Warning Science - The American Spectator | USA News and Politics
Warning Science
by

Two shopping jokes collided in my mind today and left behind a poignant lesson for living. The first is a popular Miami joke about the 80-year-old man who enters a pharmacy and asks the proprietor: “Do you carry heart medication?” Certainly he does. “Something for rheumatism?” Of course. “For circulation problems?” Naturally. “High blood pressure?” Without a doubt. “Arthritis?” A full line. “Okay,” says the codger. “Then my fiance and I would like to register here for our wedding gifts.”

Our other adventurous purchaser is a young Dad who goes into a toy store to look for something for his young daughter’s birthday. He finds out that there is a wide array of Barbies with different prices and he asks the salesgirl to run through the list for him. “Well, we have Homecoming Queen Barbie for 20 dollars, Hairdresser Barbie for 25 dollars, complete with blow dryer, Motorcycle Barbie for 30 dollars with the cycle, and Divorced Barbie for 500 dollars.” Puzzled, he wonders aloud why that last one is so pricey. “That’s because it comes with Ken’s house, Ken’s car and Ken’s furniture.”

Put the two together and you catch a glimpse of how the world is designed. Each of us, as the years tick away, watch our expectations and our prospects shrink. At the same time, what we leave behind is our contribution to the world, making it a better place with each ensuing generation. As it divorces us individually, it adds our resources to the historic pot. We console ourselves as we depart these precincts with the thought that our legatees have had their options broadened by our exertions.
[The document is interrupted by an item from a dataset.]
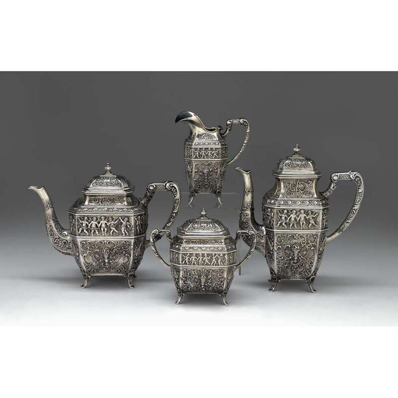 Comprising a coffee and teapot, covered sugar, and creamer, elongated octagonal form repoussé worked throughout with putti playing musical instruments and flowers within C-scrolls and foliage, raised on four feet, .800 standard. (4).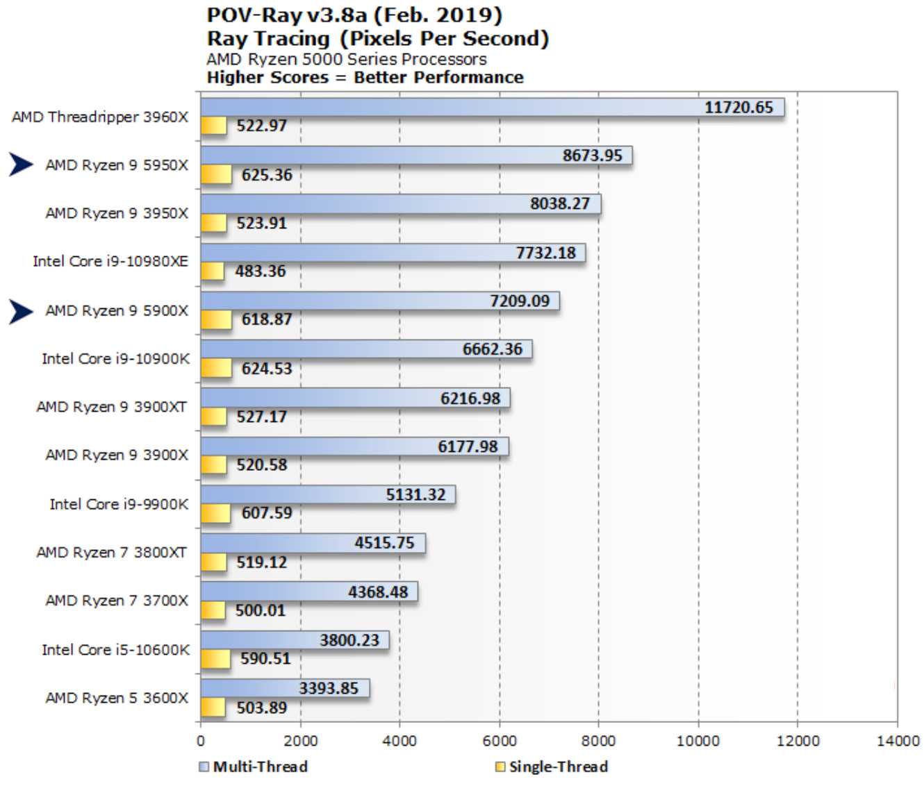 Тенденция к производительности в POV-Ray практически не изменилась по сравнению с тестами в Cinebench. Мы снова видим, что Ryzen 9 5900X и 5950X предлагают лучшие однопоточные показатели, а их сильное многопоточное масштабирование выводит их на первое место, опережая конкурирующие процессоры с большим количеством ядер (10980XE) или более высокими тактовыми частотами ( 10900K ).

Along comes the global warming crowd with a perverse effort to unbalance that equation. Their pitch is that we are not only eating ourselves to perdition, we are also eating our young. If we buy what it is that they are selling, we accept an upheaval in the most basic premise of existence. We must come to believe that we are not builders but destroyers. We are a pernicious weed that blights the garden of nature. Our lives are theft, our deaths a boon.

But wait! Aren’t these the same people who told us that we must preserve the rain forest because every herb, every tree, every frog and sloth and bat might be a repository of wondrous chemicals that will cure all our ills? Be careful not to kill the Black-eared Fairy, a bird of the Amazon, lest you thereby condemn us to another hundred years of cancer. (My personal favorite specimen of avifauna is the Violaceous Jay, which is found in Peru.) Isn’t there a sort of contradiction in the weather pessimists turning out to be the medicine optimists?

Religious types are optimists in both areas. They assume that the Creator will not junk His world until it has completed its purpose, by which point nothing we do can ensure its preservation. Man is charged with general stewardship of the resources of nature, but never needs to grow desperate that it’s crumbling under the weight of fairly normal use. On the other hand, there is a principle that the goodness of God demands that every illness have an antidote somewhere in nature; indeed Jewish tradition says that the early prophets knew the cure for any ailment. So that rain forest may well hold the key to freeing us from one or another malady.

Libertarians, by contrast, are neutral on both questions. They feel that man should be allowed to live his life without looking over his shoulder at a 1 percent possibility that he might be overheating the world or killing the goose that will lay the golden medicine egg. Why, then, do today’s secularists and liberals show this peculiar mix? Gloomy about the planet’s viability but bullish on the jungle (and stem cells, for that matter) yielding magical potions. What gives?

There would seem to be only one explanation. Having “rescued” their souls from the ministers, and with psychologists leaving them to tread water, their last saviors are the scientists. Once you understand that the scientists are the new cult leaders, then the questions are all answered. They promise the messiah if we follow them into the forest and play with the birdies, and they threaten the apocalypse if we insist on being complacent in indulging our impulses.

It’s always difficult to do battle against religious fervor, as witness our contemporary struggle with Islam. And it’s particularly difficult to do battle with the people who are in control of the collection and dissemination of statistical information. Appeals to reason are also a weak stick to wield against those who wear the mantle of science. What’s left? Only the appeal to reasonableness. Works ninety-nine percent of the time. And that is the best we can ever hope for. That, and a good pharmacist for our old age.